According to the 2010 census, Kingsbury has a total area of 0.57 sqmi, all land.

==Demographics==

Historical population
| Census | Pop. | Note | %± |
| 1880 | 154 |  | — |
| 1950 | 281 |  | — |
| 1960 | 281 |  | 0.0% |
| 1970 | 314 |  | 11.7% |
| 1980 | 329 |  | 4.8% |
| 1990 | 258 |  | −21.6% |
| 2000 | 229 |  | −11.2% |
| 2010 | 242 |  | 5.7% |
| 2020 | 190 |  | −21.5% |
U.S. Decennial Census

===2000 census===
As of the census of 2000, there were 229 people, 90 households, and 68 families living in the town. The population density was 391.8 PD/sqmi. There were 94 housing units at an average density of 160.8 /sqmi. The racial makeup of the town was 99.56% White and 0.44% Native American.

There were 90 households, out of which 25.6% had children under the age of 18 living with them, 62.2% were married couples living together, 10.0% had a female householder with no husband present, and 24.4% were non-families. 16.7% of all households were made up of individuals, and 6.7% had someone living alone who was 65 years of age or older. The average household size was 2.54 and the average family size was 2.81.

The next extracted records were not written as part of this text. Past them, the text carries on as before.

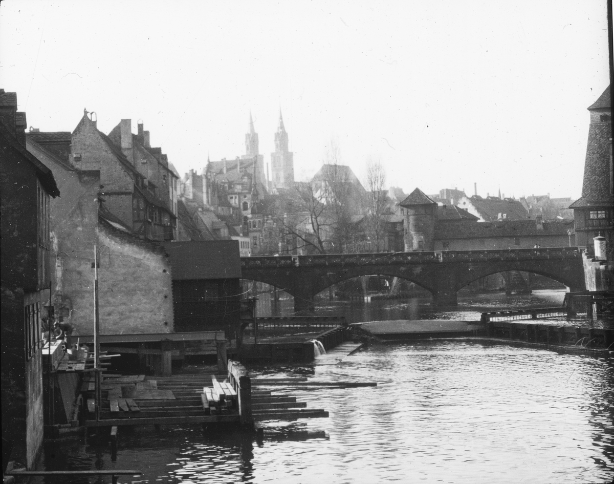 Skioptikonbild med motiv av Nürnberg vid floden Pegnitz.
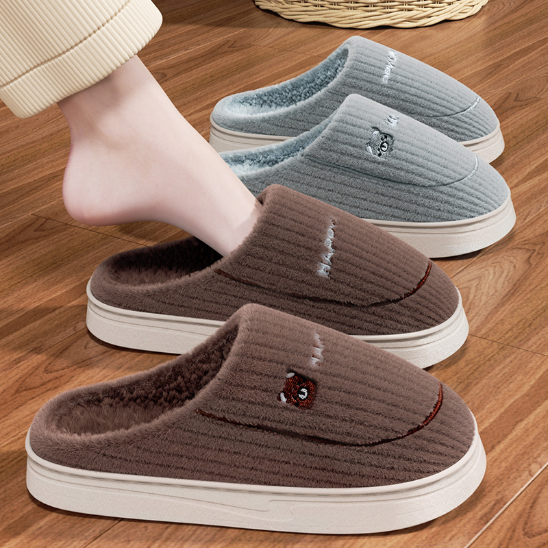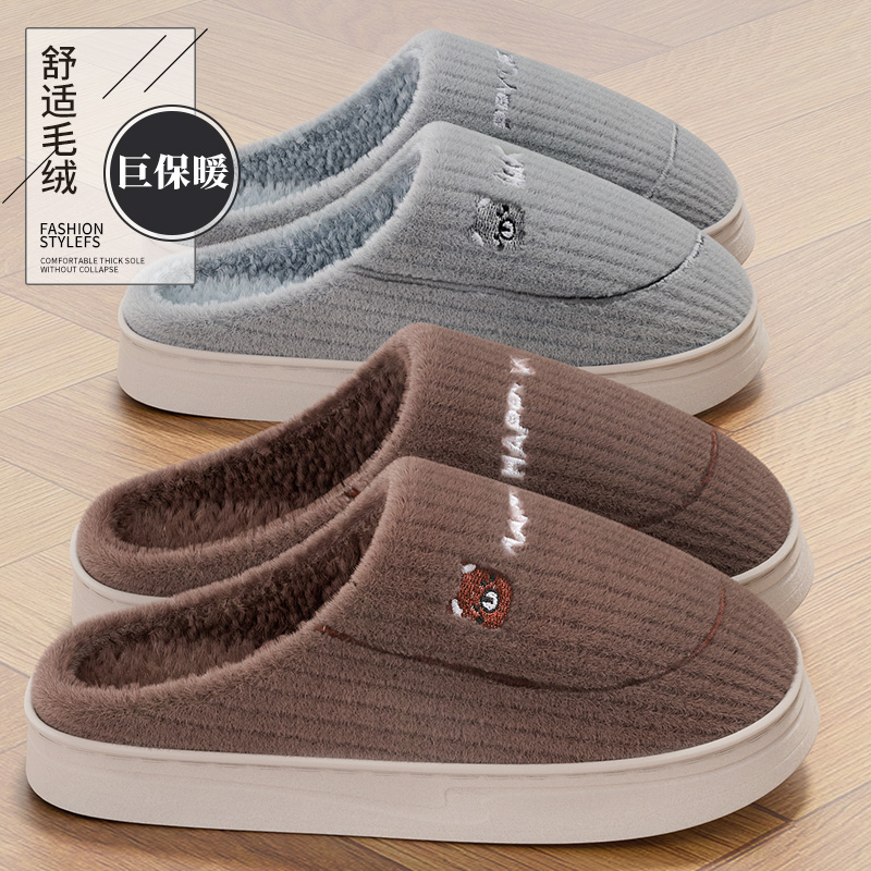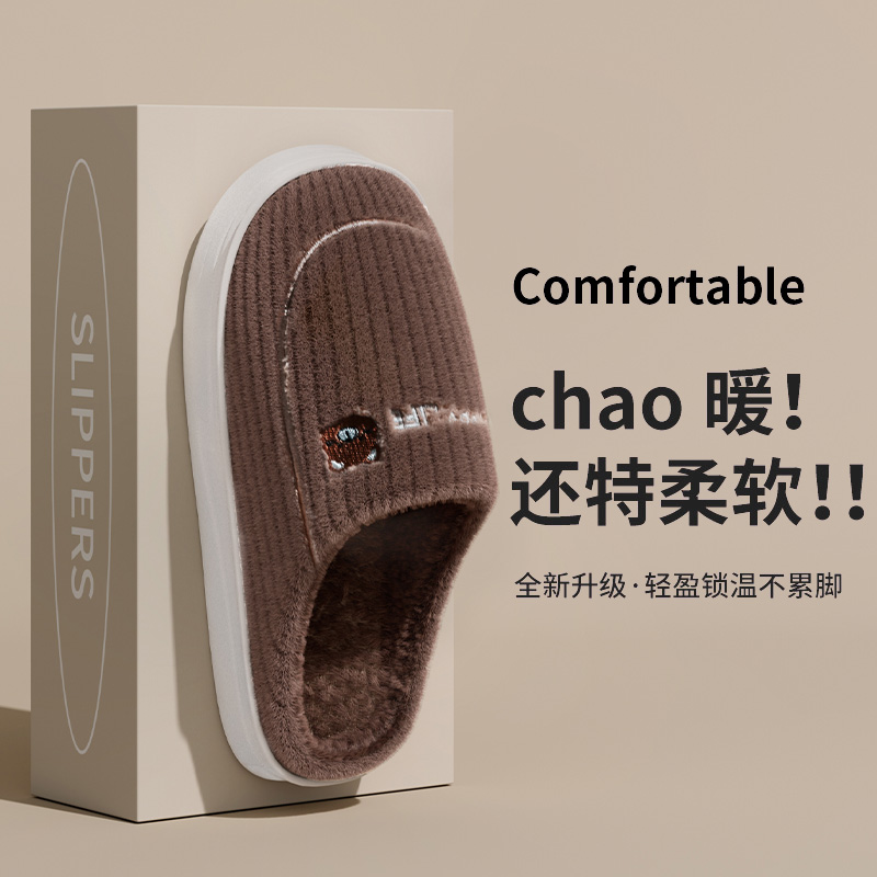 家居室内防滑厚底大码 加绒棉拖鞋 2025新款 秋冬季 保暖男毛绒 男士
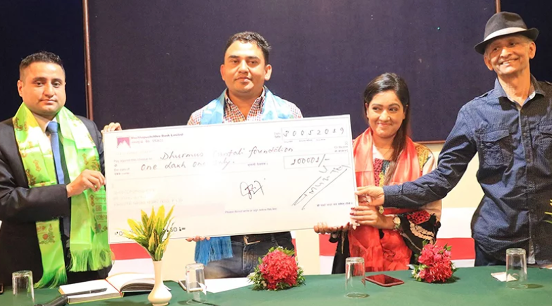बिहीबार होटल गार्डेनमा आयोजित कार्यक्रममा होटलका अपरेसन म्यानेजर दीपेन्द्र पोखरेलले रंगशाला निर्माणका लागी सीताराम कट्टेललाई १ लाखको चेक हस्तान्तरण गरेका छन ।
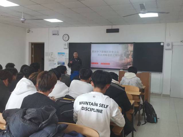 活动现场,烹饪工艺与营养专业吴迪老师,深入浅出地介绍中国阴阳历法的起源与饮食关联,二十四节气指导农事对于我们中原地区农耕文明的影响。讲座介绍黄河下游地区地域地貌特点,由此产生传统经典饮食文化的“分区图谱”、饮食背后的文明基因、食材、技法与风味密码、饮食文化的当代生命力。
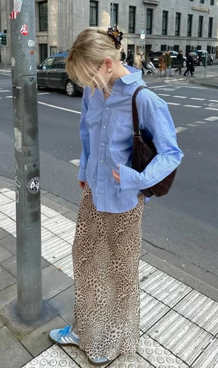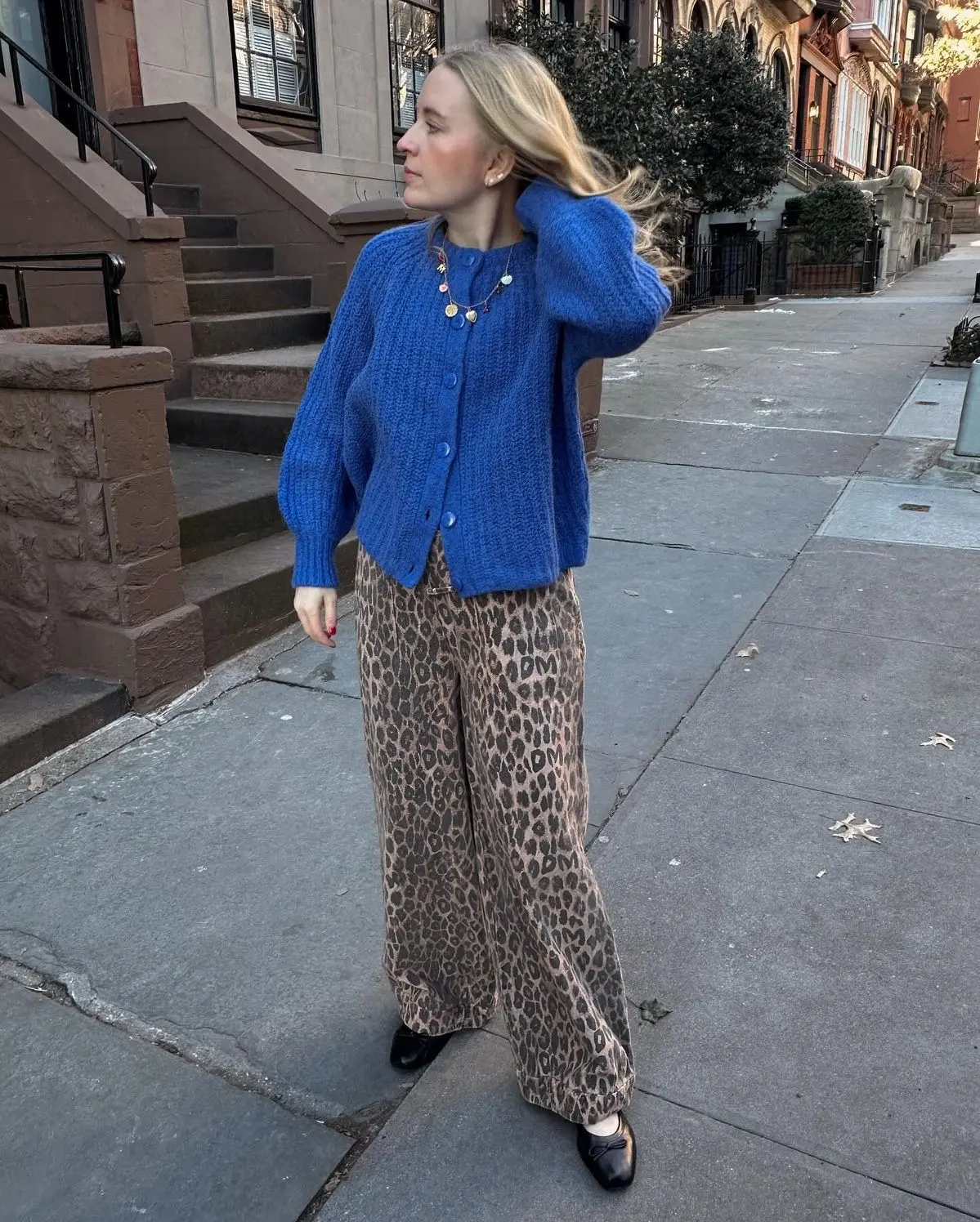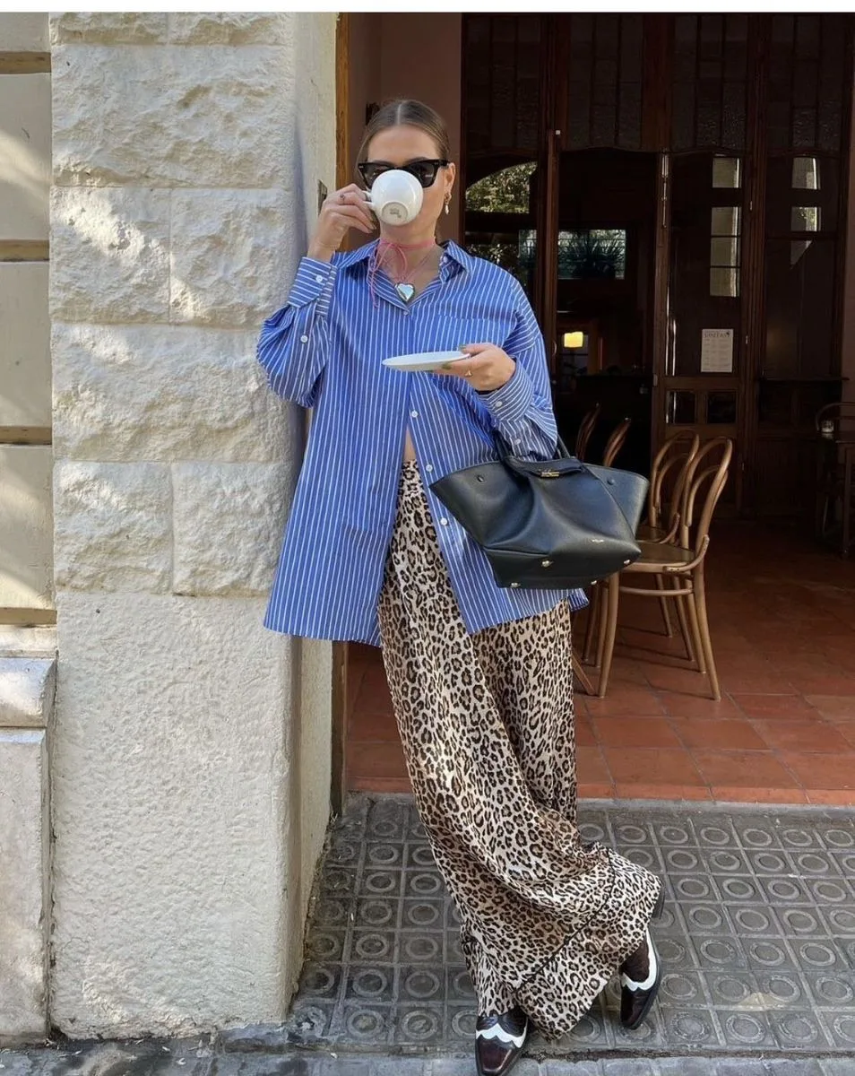 Самый простой способ освежить этот принт — добавить к нему голубой оттенок. И здесь происходит интересная трансформация: леопард сразу теряет свою агрессивность, становится более мягким, спокойным и даже визуально «дороже».

In the town, the population was spread out, with 22.7% under the age of 18, 10.0% from 18 to 24, 29.3% from 25 to 44, 23.1% from 45 to 64, and 14.8% who were 65 years of age or older. The median age was 38 years. For every 100 females, there were 81.7 males. For every 100 females age 18 and over, there were 84.4 males.

The median income for a household in the town was $50,000, and the median income for a family was $53,438. Males had a median income of $40,417 versus $22,500 for females. The per capita income for the town was $18,096. About 4.6% of families and 9.7% of the population were below the poverty line, including 10.9% of those under the age of eighteen and none of those 65 or over.

===2010 census===
As of the census of 2010, there were 242 people, 91 households, and 69 families living in the town. The population density was 424.6 PD/sqmi. There were 96 housing units at an average density of 168.4 /sqmi. The racial makeup of the town was 97.1% White, 0.4% African American, 0.4% Native American, and 2.1% from other races. Hispanic or Latino of any race were 5.4% of the population.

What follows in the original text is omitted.